In The Pleasures of Reading in an Age of Distraction, Alan Jacobs cites the following comments reported by Don Tapscott in Grown Up Digital: “I don’t read books per se. I go to Google and I can absorb relevant information quickly. Some of this comes from books. But sitting down and going through a book from cover to cover doesn’t make sense. It’s not a good use of my time as I can get all the information I need faster through the web.” Those were the words of a Rhodes Scholar and then president of the student government at his university.
Notice, too, the further presumption that the information, like a “text,” is an immaterial reality which can be variously instantiated without remainder.
I enjoyed Ezra Klein and Maryanne Wolf's conversation too, and was delighted to see it elaborated on here. Illich's perspicacity continues to astound me.
A few corollaries I observed. Given reading is cognitively demanding and an astounding human achievement, we could also say it depends on a supportive cultural milieu - a just-so arrangement of institutions and values. It is therefore fragile. It feels like an inheritance that we are spending but are due to run out of, sooner or later.

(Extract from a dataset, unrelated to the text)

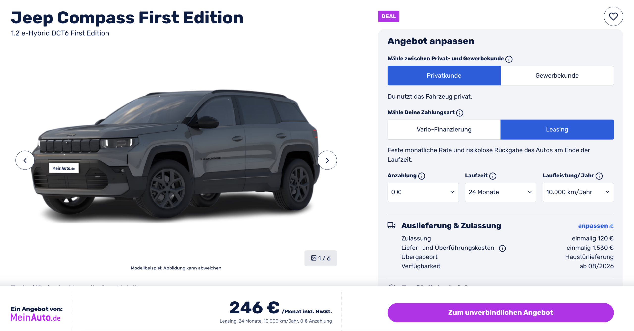 Der Jeep Compass verbindet markantes SUV-Design mit moderner Hybridtechnik und digitalem Innenraum. Sichert euch den Jeep Compass 1.2 e-Hybrid First Edition bei MeinAuto.de für 246 Euro brutto im Monat. Das Angebot richtet sich an Privat- sowie Geschäftkunden und basiert auf einer Lieferung ab August 2026. Gerade die Kombination aus klassischer Jeep-DNA, moderner Technik und elektrifizierter Effizienz macht dieses Modell besonders spannend im Segment der kompakten SUVs.

Secondly, although contemporary forms of communication like the YouTube video essay or the Tiktok video are more technologically advanced, they are simultaneously more primordial. A viral Tiktok dance is closer to a pre-modern communication form than reading a book in some ways. The screen doesn't demand new literacies of us, though it does occasion them.
A final observation, I suppose, is how much institutional life is arranged around certain kinds of shallow texts like reports and working papers. This adds weight to observation that this isn't some niche culture of tech bros. Technique has structured bureaucratic life such that almost every report is written for, at best, data transfer and, at worst, to shore up some argument that supports someone's existing purposes (think environmental impact assessments). The end result is that so much reading in institutional life is functionally performative, and that institutions become sclerotic, having lost the main form of information transfer that permits them to change.
I was surprised that neither Ezra Klein or Marianne Wolf mentioned poetry. Reading a good poem forces me to read it aloud to hear the way the words sound, and to reread it again and again to capture the meaning and emotional content. Poetry cannot be skimmed or absorbed as facts or information. I find poetry the best antidote to the "shallows" of internet reading that so often overwhelms me.